O susto não é descabido. Descabido é
o rumo que, com a sensatez habitual, o «debate» indígena ameaça seguir. A
oposição, se a palavra se aplica, andou uma semana a lamentar o colapso do
Estado e a reclamar a demissão dos ministros da Administração Interna e da
Defesa e o regresso do dr. Costa. Para quê? Não imagino. A substituição de duas
insignificâncias por duas insignificâncias iguaizinhas não alteraria nada. O
prolongamento das férias do dr. Costa por 20 ou 30 anos alteraria imenso.
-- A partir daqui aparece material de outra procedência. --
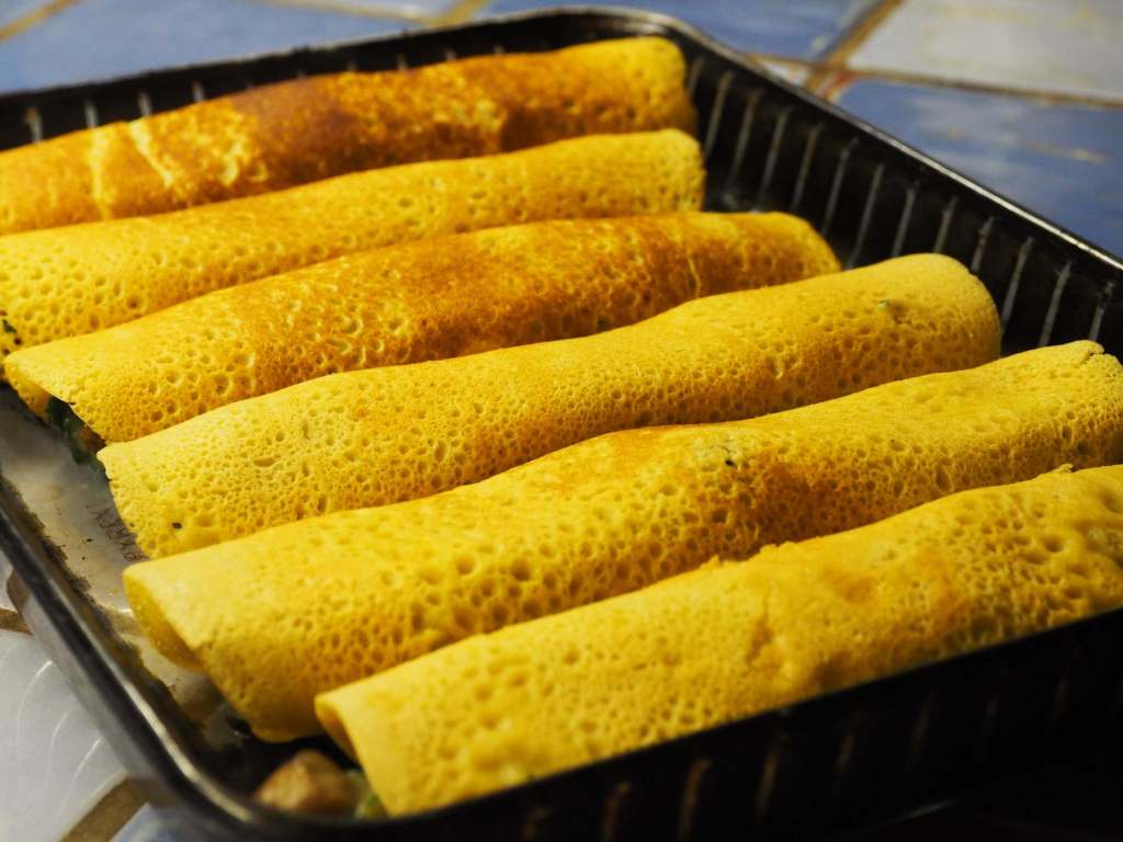 Préparer les galettes : Chauffer une poêle de 15 à 18cm. Verser un quart de la pâte et cuire la galette une bonne minute sur feu fort jusqu’à ce qu’elle soit dorée, la retourner et baisser légèrement le feu et laisser cuire pendant environ 2 minutes de plus pour qu’elle soit également dorée.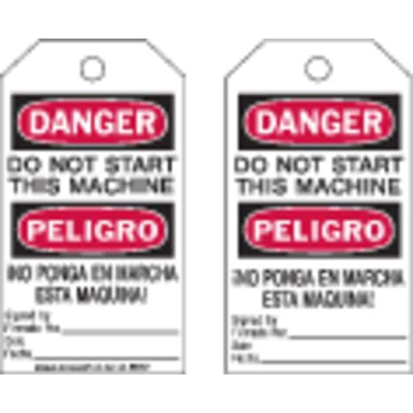 Danger Bilingual Tag, Subject Matter Cleaning and Maintenance, Sign Legend Do Not Start This Machine Ino Ponga En Marcha Esta Maquina! Signed By Firmado Por: Date Fecha:, Legend Same on Both Sides Yes, Sign Header Danger/Peligro, Shape Rectangular, Safety Tag Legend - Back Side Do Not Start This Machine Ino Ponga En Marcha Esta Maquina! Signed By Firmado Por: Date Fecha:, Sign Header -Back Side Danger/Peligro, Package Quantity 10

Quanto ao Estado em frangalhos, em teoria só um socialista, assumido ou
dissimulado, se maçaria com o tema – na prática, o aborrecido é a devastação
principiar pelos únicos pedaços que, se calhar, convinha manter.
Entre o chinfrim, sobra um facto:
Portugal é governado por uma coligação de leninistas com sentido de
oportunidade e de oportunistas com nostalgias totalitárias. O que nos está a
acontecer é o percurso fatal em qualquer arranjo do género. Começa-se em euforia,
avança-se para a estupefacção, saltita-se para a raiva e termina-se em
desgraça, porque semelhante malformação não poderia terminar de maneira
diferente. O simbolismo da recente manifestação de apoio ao sr. Maduro, em
Lisboa, não é desprezível.
No mesmo dia em que os funcionários
da ditadura atacaram com marretadas pedagógicas o parlamento venezuelano, o
Conselho Português para a Paz e Cooperação, uma excrescência do PCP, desfilou a
regozijar-se com o sangue das vítimas. Na homenagem, participaram, cito,
«representantes da câmara municipal de Lisboa» e, quiçá em celebração de
Tancos, a Banda do Exército. Segundo o «Diário de Notícias», o belo evento «foi
perturbado por um incidente com um cartaz». O cartaz rezava «Venezuela Livre»,
e o portador acabou devidamente assaltado em prol da paz e, claro, da
cooperação.
Portugal não está nas mãos de
irresponsáveis, tradição a que aliás nos habituáramos: está nas mãos de
criminosos, por acção ou omissão. São eles que, a cada calamidade, juram que
podia ter corrido pior. E,
no que depender deles, há-de correr.